To start, here are the statistics:

  • Heart disease is the No. 1 killer of women, and is more deadly than all forms of cancer combined.
  • Heart disease causes 1 in 3 women’s deaths each year, killing approximately one woman every minute.
  • Since 1984, more women than men have died each year from heart disease.
  • The symptoms of heart disease can be different in women and men, and are often misunderstood.

What is heart disease?

Heart disease is a broad term used to describe a range of diseases that affect your heart and blood vessels. Examples of heart disease include angina (chest pain), high blood pressure, heart rhythm problems, heart attacks and stroke.

In general, what are some of the risk factors for heart disease?

  • Family history significant for heart disease
  • Smoking
  • Poor nutrition
  • Physical activity
  • Obesity
  • High blood pressure
  • High levels of stress
  • Diabetes
  • Elevated cholesterol levels
  • Advancing age

What are the heart disease risk factors for women?

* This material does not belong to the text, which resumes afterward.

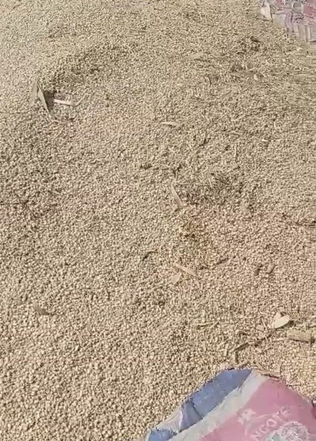 two women in a field processing grain. A black bucket sits in the foreground with some grain in it. In the background, a woman in a black dress is raising her arms over her head as if pounding something. The other woman, wearing a blue shirt and a purple patterned skirt, stands facing the camera. The ground is covered with a large amount of grain spread out on a tarp and the bare earth. In the background, there are some tall grasses.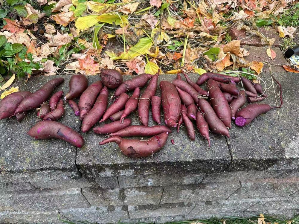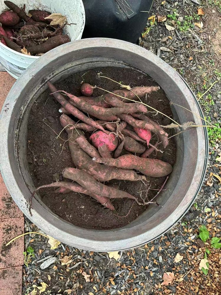 挖地瓜算是个体力活。按网上的教程,我先把藤剪掉,然后试图直接拽地瓜出来。结果发现藤一拽就掉,根本带不出地瓜。地瓜都深藏地下,一点也不靠近地表。我拿起铁锹往下一挖,没控制好力气,竟把几个地瓜直接劈成两半。只好换上小铲子,改成考古模式,像挖文物似的,小心翼翼地刮着土,慢慢往外掘。可耐心是有限的,尤其当铲子碰到硬块时,我的考古精神立刻破功,又弄伤了几只地瓜。最后我得出一个结论:收地瓜比种地瓜难多了。要说最省力的办法,应该是把整盆土倒出来再筛地瓜,但那盆子实在太大,一个人整不动。于是我就半挖半刨地折腾了两个小时。

  • Metabolic syndrome — a combination of fat around your abdomen, high blood pressure, high blood sugar and high triglycerides — has a greater impact on women than on men.
  • Mental stress and depression affect women’s hearts more than men’s.
  • Low levels of estrogen after menopause pose a significant risk factor for developing cardiovascular disease in the smaller blood vessels.

Why is heart disease different for women versus men?

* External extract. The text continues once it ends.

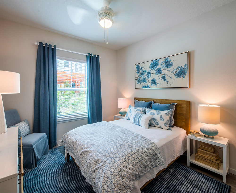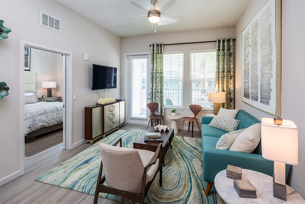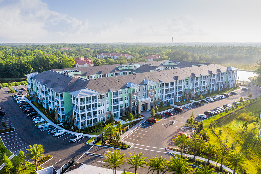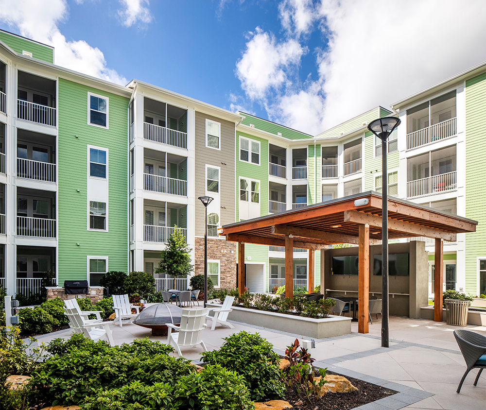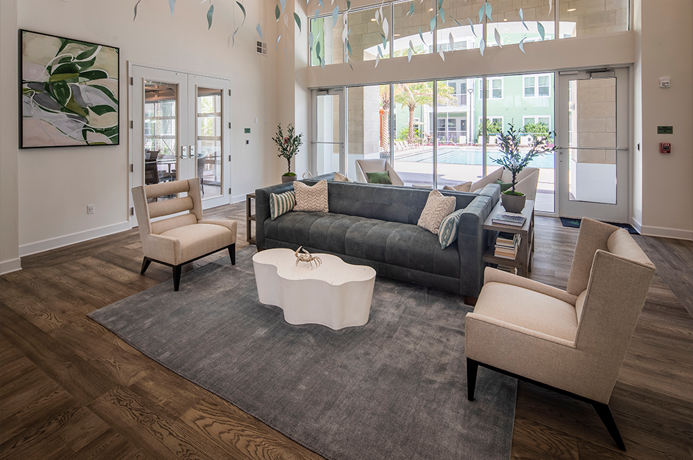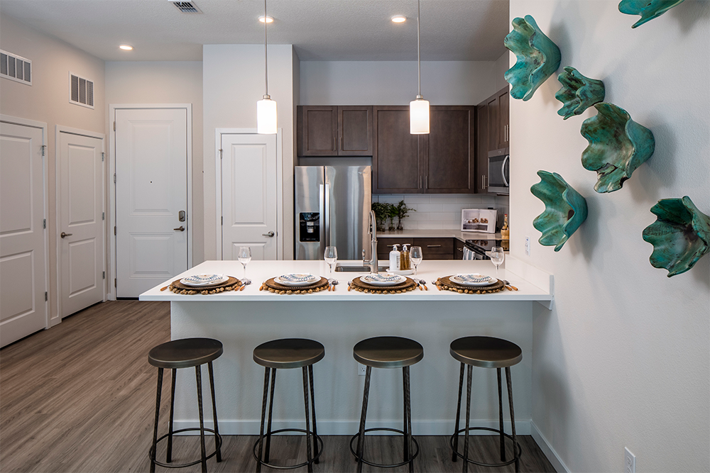 Units are built in a variety of one, two, and three-bedroom floorplans with screened-in patios. Other interior features include quartz countertops, shaker cabinets, and LVT flooring.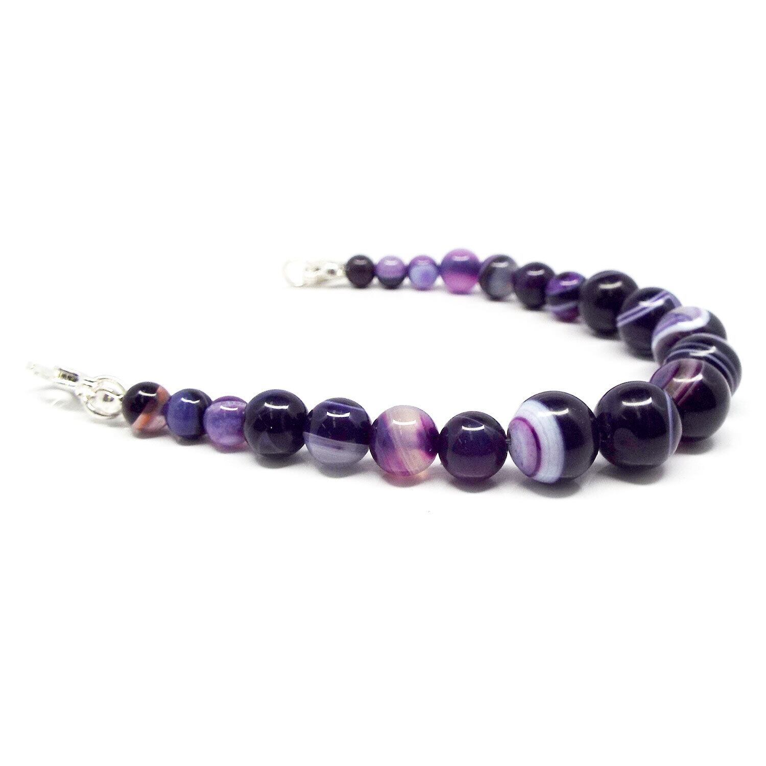 玉サイズ:バンデットアゲート 紫藍縞瑪瑙 約10mm・約8mm・約6mm

The symptoms of heart disease are different for women. Men will typically experience crushing sub-sternal chest pain, which is classically described in the textbooks, accompanied by shortness of breath. Whereas women will often experience fatigue, vague abdominal pain and nausea as presenting symptoms of heart disease. Talk about disarming! Do you know how many women are tired or experience fatigue? It’s not exactly a symptom that has women running to their doctor’s office. On that note, when women do present for medical care with the aforementioned symptoms, often they are misdiagnosed. An EKG sometimes isn’t done when addressing symptoms of fatigue and abdominal pain. So women are more likely to be discharged from an ER without having a cardiac workup performed.

What’s one single thing that can be done to start protecting the heart today? 

The most important thing is to know your blood pressure. Elevated blood pressure is correctable and most of all, it’s preventable. However, high blood pressure is a ‘silent killer’. You won’t know that you have this condition unless you check for it.